Evolving Treatment Paradigms in Lower-Risk MDS: Current Therapeutic Options and Mechanistic Approaches
A panelist explains how the distinct mechanisms of erythropoiesis-stimulating agents (ESAs), luspatercept, and imetelstat offer tailored treatment options for anemia in lower-risk ESAs, enabling clinicians to address different stages of erythropoiesis and disease biology to optimize patient outcomes.
Episodes in this series

Erythropoiesis-stimulating agents (ESAs) have long been a foundational treatment for anemia in lower-risk myelodysplastic syndrome (MDS). They work by binding to erythropoietin receptors on hematopoietic stem cells, stimulating early-stage red blood cell production and leading to increased hemoglobin levels. Their mechanism is well understood, and they remain a standard option for many patients, particularly those with lower endogenous erythropoietin levels.
Luspatercept, by contrast, targets a different stage of red blood cell development. Rather than stimulating early erythropoiesis, it enhances late-stage erythroid maturation by inhibiting the TGF-beta superfamily of ligands that normally suppress red blood cell formation. This distinct mechanism allows it to complement or even surpass the activity of ESAs in certain patients, particularly those who may not respond well to early-stage stimulation alone.

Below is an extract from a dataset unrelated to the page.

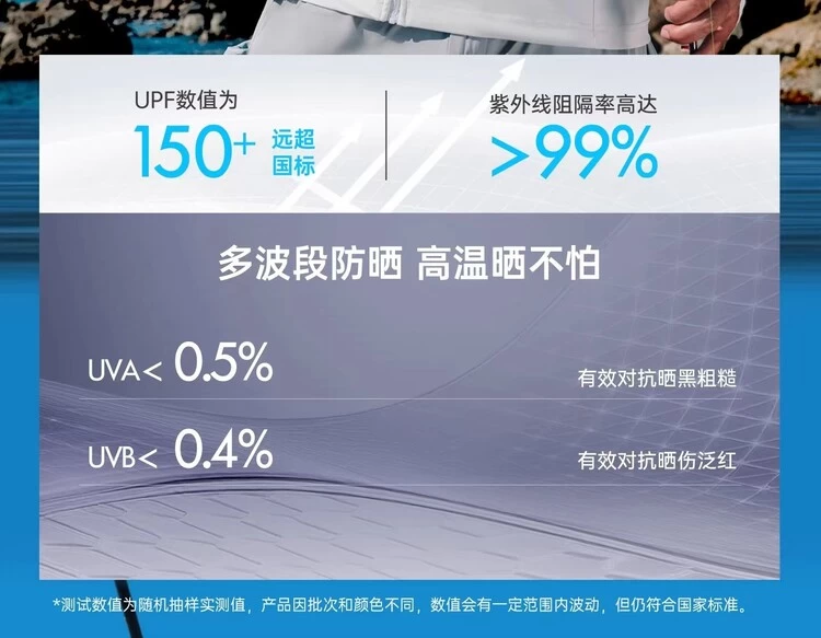 普通户外防晒服的防晒标准多为UPF50+,这是户外服装国标的常规要求,能满足动态运动中、有一定遮挡物场景的防晒需求。然而垂钓时的环境大多没有遮挡物遮挡,并且还有经水面反射的紫外线双重伤害,对防晒的需求更高,远超普通户外场景。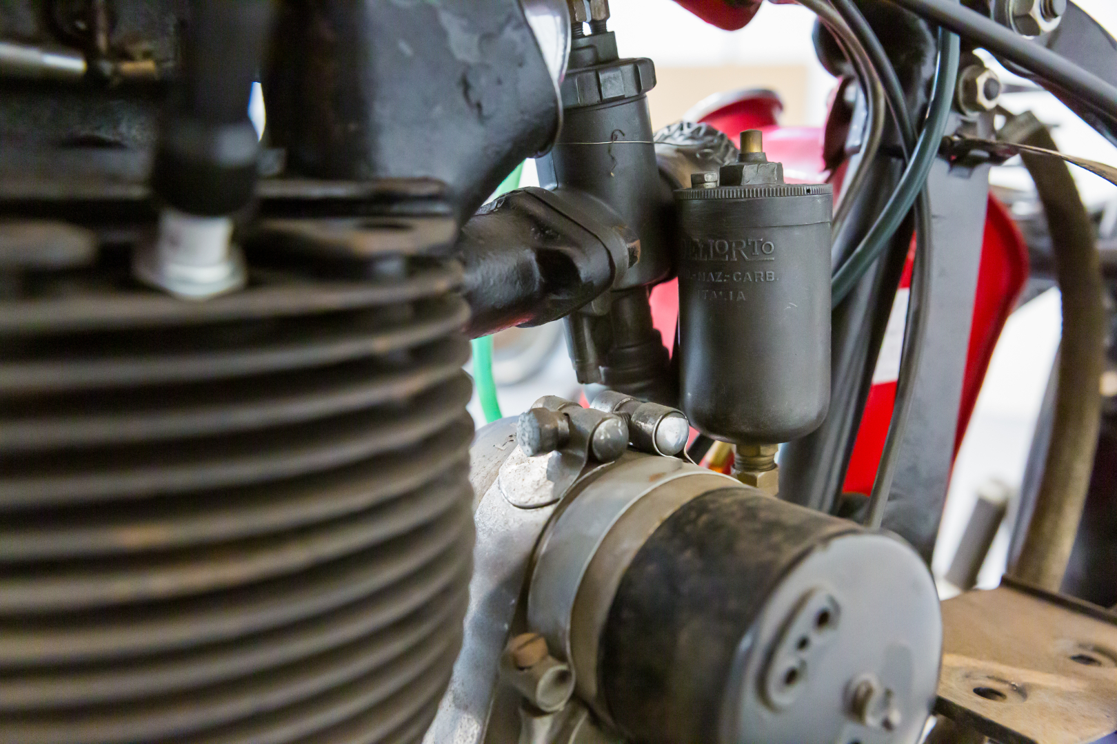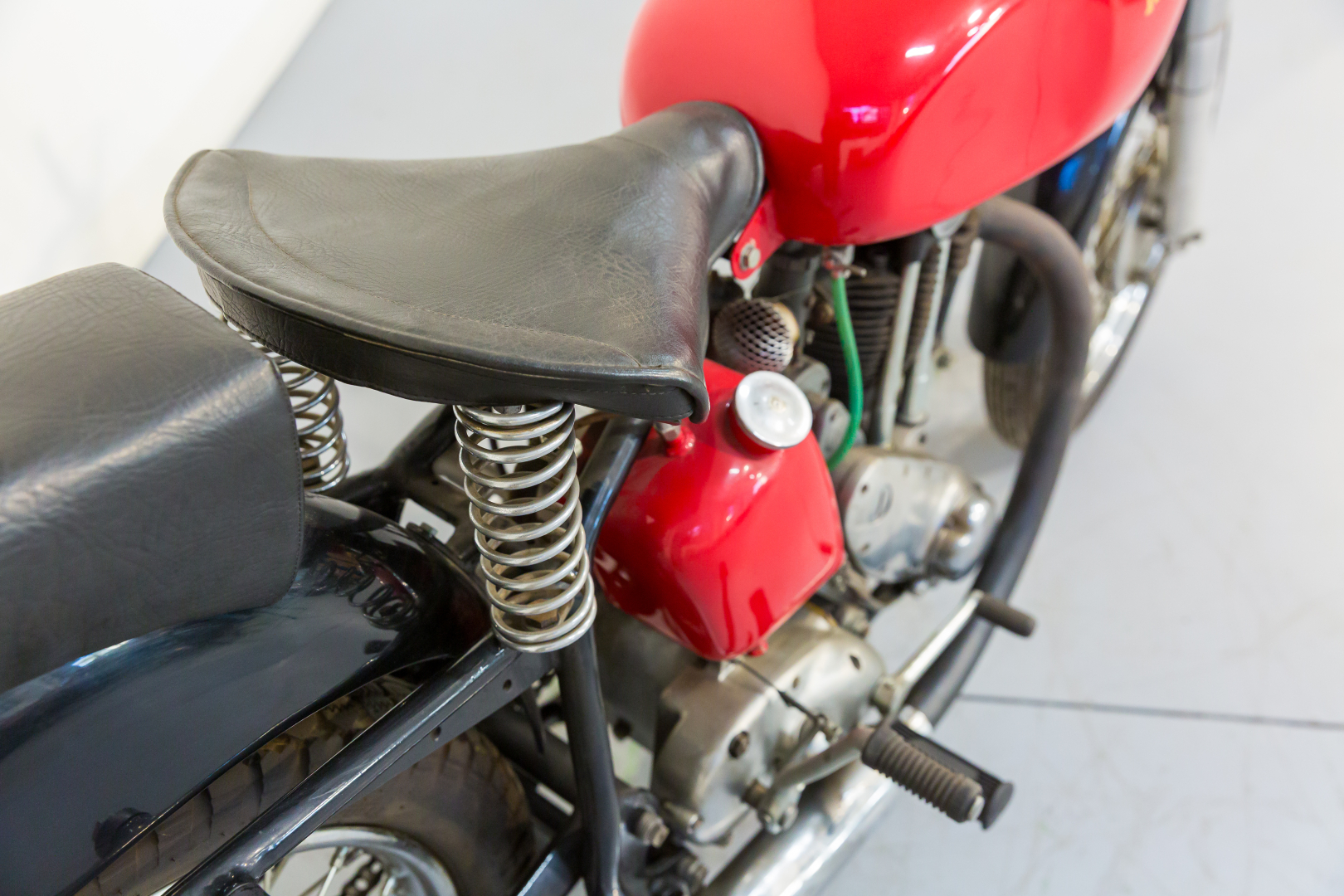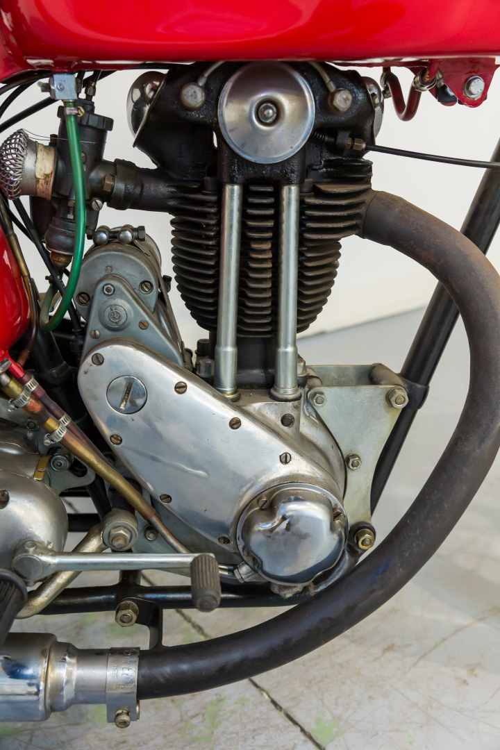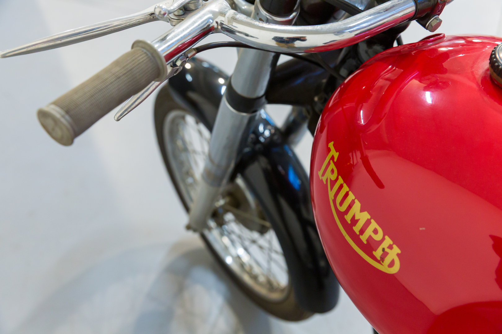 Nel 1937 la Triumph, celebre azienda motociclistica britannica, presenta il modello da 350 denominato 3H caratterizzato dal robusto motore monocilindrico verticale a 4 tempi con la distribuzione a valvole in testa, soluzione decisamente all’avanguardia per quei tempi dove la quasi totalità delle moto circolanti disponeva della distribuzione a valvole laterali, telaio in tubi d’acciaio con sospensione anteriore a forcella e posteriore rigido. Terminato il conflitto bellico la 3H è oggetto di ammodernamenti, soprattutto per la parte ciclistica; viene equipaggiata con una robusta forcella teleidraulica ed il telaio viene modificato per ospitare un forcellone oscillante abbinato con una coppia di ammortizzatori teleidraulici. Il modello proposto è stato restaurato ed è in ottime condizioni. Si consiglia un controllo generale prima dell’utilizzo.

A third option, imetelstat, also takes a unique approach. As a telomerase inhibitor, it promotes apoptosis of malignant MDS cells by shortening telomeres, thereby reducing the expansion of abnormal clones. This mechanism may support restoration of healthy hematopoiesis. With these mechanistically distinct therapies now available, clinicians have more options to tailor anemia treatment in MDS based on the patient's disease characteristics and response history.